▶ [Data excerpt]:
========================================================================

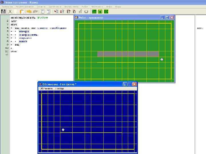№ 0 D 909 E На бесконечном поле имеются две одинаковые вертикальные стены и одна горизонтальная, соединяющая верхние концы стен. Длины стен неизвестны. Робот находится в одной из клеток, расположенных между нижними краями вертикальных стен. Напишите для Робота алгоритм, закрашивающий все клетки, расположенные выше горизонтальной стены непосредственно над ней. Робот должен закрасить только клетки, удовлетворяющие данному условию. Например, для приведённого выше рисунка Робот должен закрасить следующие клетки Конечное расположение Робота может быть произвольным. Алгоритм должен решать задачу для произвольного размера поля и любого допустимого расположения стен внутри прямоугольного поля. При исполнении алгоритма Робот не должен разрушиться, выполнение алгоритма должно завершиться.
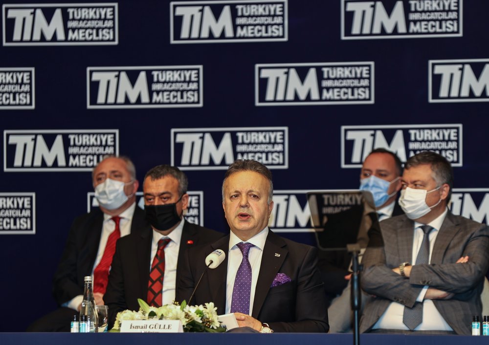 (Türkiye İhracatçılar Meclisi (TİM) Başkanı İsmail Gülle (ortada), İhracat 2021 Raporu'nun tanıtım toplantısına katılarak konuşma yaptı.)
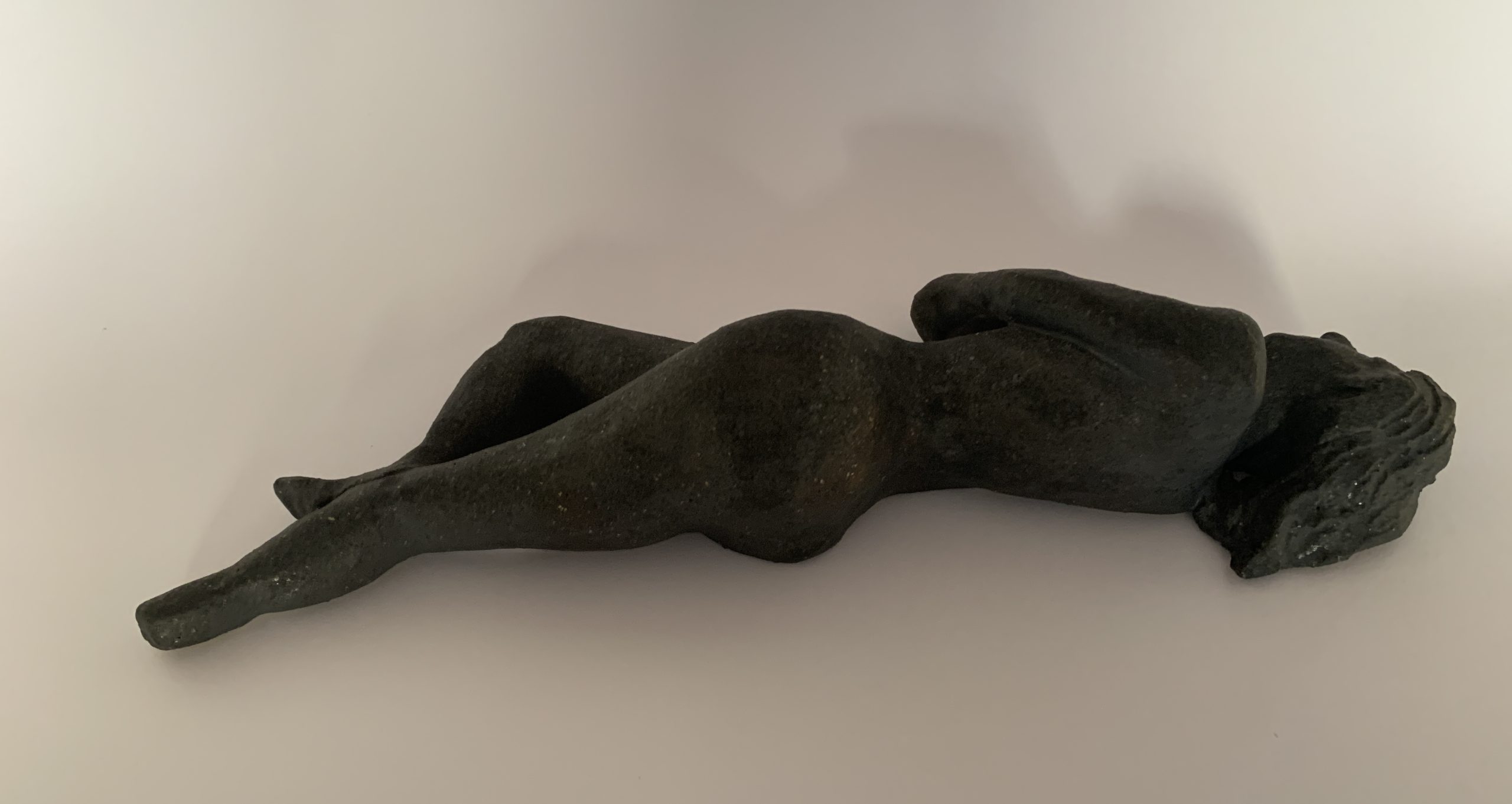 Hand built in a raku clay and glazed in a dark grey flat natural looking copper wash, under lights the pigments sparkle.

========================================================================

▶ [Problem details]:
Pictures are to be omitted; otherwise, write out the data exactly as it appears.

▶ [Answer to the exercise]:
№ 0 D 909 E На бесконечном поле имеются две одинаковые вертикальные стены и одна горизонтальная, соединяющая верхние концы стен. Длины стен неизвестны. Робот находится в одной из клеток, расположенных между нижними краями вертикальных стен. Напишите для Робота алгоритм, закрашивающий все клетки, расположенные выше горизонтальной стены непосредственно над ней. Робот должен закрасить только клетки, удовлетворяющие данному условию. Например, для приведённого выше рисунка Робот должен закрасить следующие клетки Конечное расположение Робота может быть произвольным. Алгоритм должен решать задачу для произвольного размера поля и любого допустимого расположения стен внутри прямоугольного поля. При исполнении алгоритма Робот не должен разрушиться, выполнение алгоритма должно завершиться.
 (Türkiye İhracatçılar Meclisi (TİM) Başkanı İsmail Gülle (ortada), İhracat 2021 Raporu'nun tanıtım toplantısına katılarak konuşma yaptı.)
 Hand built in a raku clay and glazed in a dark grey flat natural looking copper wash, under lights the pigments sparkle.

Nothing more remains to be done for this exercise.